Deadly jabs

June 02, 2019


The writer is a physician and an expert on injection safety.
The writer is a physician and an expert on injection safety.

THERE are three drivers of unsafe and unnecessary injections in Pakistan: prescriber, provider and patient. Prescribers (trained and untrained) often prescribe injections or IV drips even for minor ailments easily treated with oral medications. Private GPs are often intent on building a reputation of delivering quick results to increase their clientele and income. Providers (also trained and untrained) who work for these prescribers will reuse injection equipment in order to save their employers’ money, often on the latter’s instructions.

Patients, meanwhile, insist on getting injections or drips because they want quick relief. Many of the urban and rural poor cannot distinguish between a trained and untrained practitioner. They look for a health facility, inquire about its reputation, and seek treatment. Reuse of injection equipment such as needles, syringes or IV drip sets occurs at many private health facilities in order to save money — many of these patients cannot afford to pay for a new syringe.

Injection safety is complex and requires a multipronged approach.

Pakistan has one of the highest levels of unsafe injection practices in the world. Our patients also have one of the highest rates of number of injections per person annually (8.2 to 13.6). Unfortunately, the country also has one of the highest burdens of hepatitis C. Sound epidemiological studies, including the 2007 National Hepatitis Survey, have highlighted unsafe injection practices as one of the key reasons for transmission of HCV.

Unsafe injections have gained notoriety due to the recent HIV outbreak in Larkana and Ratodero. So far, more than 700 new HIV cases have been confirmed, the majority of them children. Preliminary findings suggest that reuse of injection and IV equipment may be the main cause of transmission, especially among children whose parents test negative for HIV.

Policymakers are aggressively propagating the introduction of reuse prevention (RUP) syringes, which have a built-in locking mechanism. The mechanism is only triggered when the plunger is pushed down fully – a ‘click’ can be heard indicating that the plunger has been locked and cannot be retracted. This type of syringe has been in use in the EPI programme for over a decade now and has helped significantly in curtailing the menace of reuse. But injection safety improvements in the programme were also attributed to improved supplies, training and monitoring of vaccinators in the field as well as at the static EPI centres.

In its 2015 injection safety guidelines, WHO recommend that all member states should switch to exclusive use of RUPs by 2020. It further recommends that conventional syringes should only be used in instances where multiple plunger movement is warranted, such as flushing an IV line or reconstituting medicines which require multiple plunger movements. This is an important point to note; health facility and procurement personnel have to go through complex calculations when ordering RUP syringes for a health facility. A new provider (health worker) must undergo a short training prior to using this type of syringe on patients, as pushing the plunger strongly while the needle is still in the patient’s muscle (in case of an intra-muscular injection) can cause moderate to severe pain. Without proper training, the healthcare worker might also waste a number of syringes. It is worth mentioning that the use of RUP syringes is not an absolute fail-safe — providers can intentionally avoid triggering the locking mechanism if they want to reuse the same syringe multiple times.

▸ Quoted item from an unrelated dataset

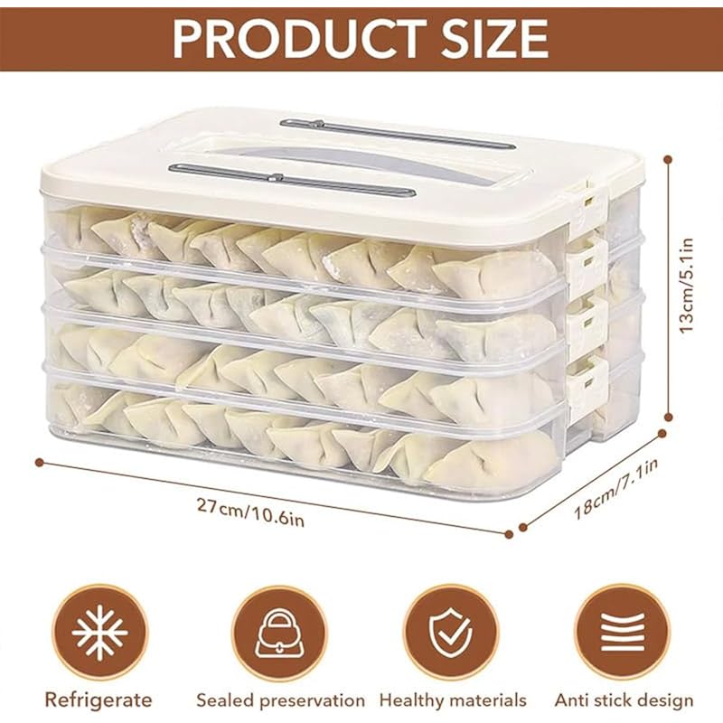 - 🥟 Multi-layer Stackable Design – The versatile design allows for multiple layers of dumplings to be stored in a single box, saving you freezer space and keeping everything neatly organized.

Moreover, some clauses in the Sindh Regulation and Control of Disposable Syringes Act, 2010, need amending. For example, clause 3 states, “No person shall manufacture, sell or use disposable syringes other than auto lock, auto destruct or auto break for injection, drawing of blood and other purposes.” As mentioned earlier, conventional syringes will still be required for some medical procedures. Clause 4 reads, “If the person contravening the provisions of the act, is a company, every director, manager, secretary or other officer or agent thereof shall, unless he proves that contravention is made without his knowledge and that he had exercised due diligence to prevent such contravention, be deemed to be guilty of such contravention.” If this clause also includes medical superintendents of hospitals, then this needs revision too.

Injection safety is complex. It requires a multipronged approach targeting the patients and healthcare providers. It also requires nationwide curtailment of prescription of unnecessary injections and IV drips. It is not only quacks but MBBS healthcare providers who also intentionally indulge in unsafe injection practices. The bottom line is: there is no quick fix or single measure that will help. A holistic approach must be adopted. At this time, an intensified nationwide injection safety awareness campaign is needed targeting at-risk communities and healthcare providers.

The writer is a physician and an expert on injection safety.